What the task requires >> Your answer should be only the lines below from the one with "Das Hauptschlafzimmer strahlt" to the one with "更改软件默认的安装位置,如不需更改,直接点击【继续】即可。", repeated exactly, ends included.

Supplied records >>
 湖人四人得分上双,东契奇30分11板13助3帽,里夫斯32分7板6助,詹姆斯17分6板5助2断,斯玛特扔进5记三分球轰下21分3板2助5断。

* * *

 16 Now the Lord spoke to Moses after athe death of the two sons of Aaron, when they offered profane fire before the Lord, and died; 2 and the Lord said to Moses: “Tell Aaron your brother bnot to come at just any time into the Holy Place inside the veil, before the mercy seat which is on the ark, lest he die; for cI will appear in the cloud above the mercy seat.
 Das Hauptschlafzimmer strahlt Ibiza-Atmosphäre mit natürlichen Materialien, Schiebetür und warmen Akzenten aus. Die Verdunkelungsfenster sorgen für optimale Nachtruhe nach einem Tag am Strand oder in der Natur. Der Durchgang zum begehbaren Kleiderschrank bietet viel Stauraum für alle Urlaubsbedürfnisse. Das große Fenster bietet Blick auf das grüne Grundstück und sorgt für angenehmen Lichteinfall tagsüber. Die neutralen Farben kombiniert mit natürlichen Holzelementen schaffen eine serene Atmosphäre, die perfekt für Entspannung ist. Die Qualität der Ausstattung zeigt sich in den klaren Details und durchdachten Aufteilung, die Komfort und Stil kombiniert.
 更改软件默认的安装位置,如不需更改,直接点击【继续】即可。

...

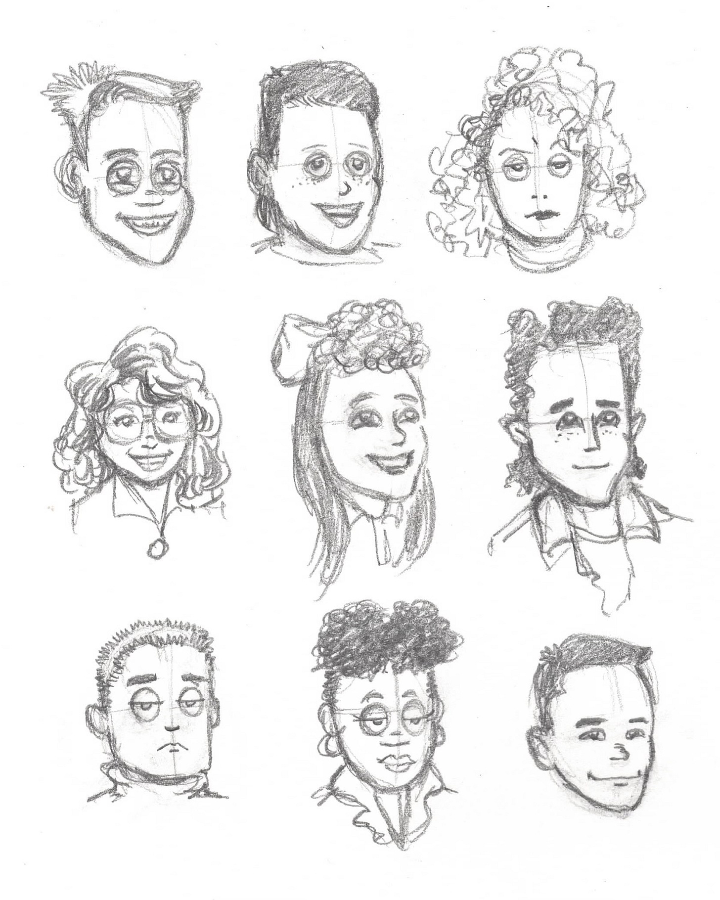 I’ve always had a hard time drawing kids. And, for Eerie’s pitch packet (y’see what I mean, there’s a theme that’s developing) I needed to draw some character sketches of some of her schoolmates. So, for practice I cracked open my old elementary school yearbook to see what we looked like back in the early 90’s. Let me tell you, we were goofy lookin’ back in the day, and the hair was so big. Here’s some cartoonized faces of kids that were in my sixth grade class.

Exercise solution >>
 Das Hauptschlafzimmer strahlt Ibiza-Atmosphäre mit natürlichen Materialien, Schiebetür und warmen Akzenten aus. Die Verdunkelungsfenster sorgen für optimale Nachtruhe nach einem Tag am Strand oder in der Natur. Der Durchgang zum begehbaren Kleiderschrank bietet viel Stauraum für alle Urlaubsbedürfnisse. Das große Fenster bietet Blick auf das grüne Grundstück und sorgt für angenehmen Lichteinfall tagsüber. Die neutralen Farben kombiniert mit natürlichen Holzelementen schaffen eine serene Atmosphäre, die perfekt für Entspannung ist. Die Qualität der Ausstattung zeigt sich in den klaren Details und durchdachten Aufteilung, die Komfort und Stil kombiniert.
 更改软件默认的安装位置,如不需更改,直接点击【继续】即可。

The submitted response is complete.